The decrease in exhaled nitric oxide during a training regimen may also be a result of the increased cardiac output that occurs during exercise: as the cardiac output increases, the ability of the pulmonary vasculature to take up NO may increase, thereby leading to an overall decrease in the amount of NO exhaled in breath. The traditional medical concern is that asthma may limit the athlete’s ability to compete. While the exact role of NO in asthma remains elusive, the major known physiologic role of NO is to relax smooth muscle cells through the activation of guanylate cyclase to produce cyclic GMP (cGMP) [18]. This makes it the most potent endogenous vasodilator, but it can also act as a bronchodilator. This dual function of vasodilation and bronchodilation improves ventilation perfusion matching and possibly exercise performance [19]. This beneficial function of NO has to be balanced, however, against the potential harm of very high NO levels associated with airway inflammation and poorly controlled asthma [2]. While the optimal NO level that is associated with improved performance is not clear, recent studies clearly suggest that using FENO as a guide to treat asthma can result in optimal control with less medication [20]. This idea of optimal control with least medications is an important goal in all individuals with asthma, but it has special importance in athletes who have to deliver peak physical performance. While this FENO based management approach makes intuitive physiologic sense, more data are needed.

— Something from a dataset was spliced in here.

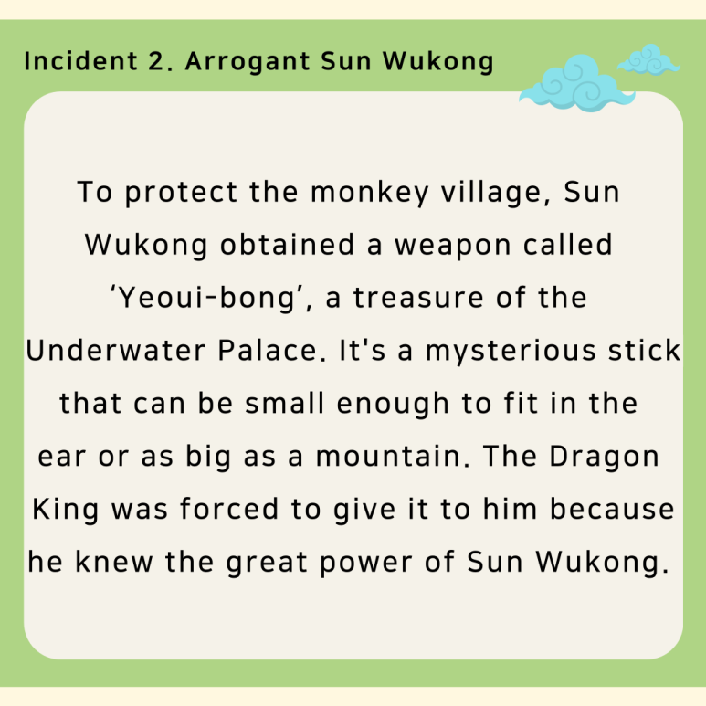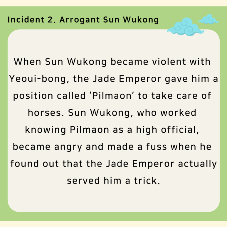 To protect the monkey village, Sun Wukong obtained a weapon called ‘Yeoui-bong’, a treasure of the Underwater Palace. It's a mysterious stick that can be small enough to fit in the ear or as big as a mountain. The Dragon King was forced to give it to him because he knew the great power of Sun Wukong. When Sun Wukong became violent with Yeoui-bong, the Jade Emperor gave him a position called ‘Pilmaon’ to take care of horses. Sun Wukong, who worked knowing Pilmaon as a high official, became angry and made a fuss when he found out that the Jade Emperor actually served him a trick.

Interestingly, the number of elite Olympic athletes with asthma has increased steadily since the Olympic Committee began monitoring use of β2-agonists in 1996 [15]. Exhaled NO measurement represents an opportunity for the scientific community to gain information about what is occurring at the level of the airways in elite athletes. As a non-invasive method, exhaled NO measurement should not interfere with athletic performance, while providing invaluable information about airway inflammation that cannot be obtained by other traditional methods used to assess lung function. The recent availability of portable NO measurement devices and their validity make exhaled NO measurements accessible in the field, at the pool and on the track. Collection of these data would help current athletes safely monitor their asthma control during competition and provide valuable data for reference ranges that will assist clinicians in understanding the inflammatory status of airways in athletes during training and competition.
Footnotes
Conflict of interest The authors declare no conflict of interest in this article.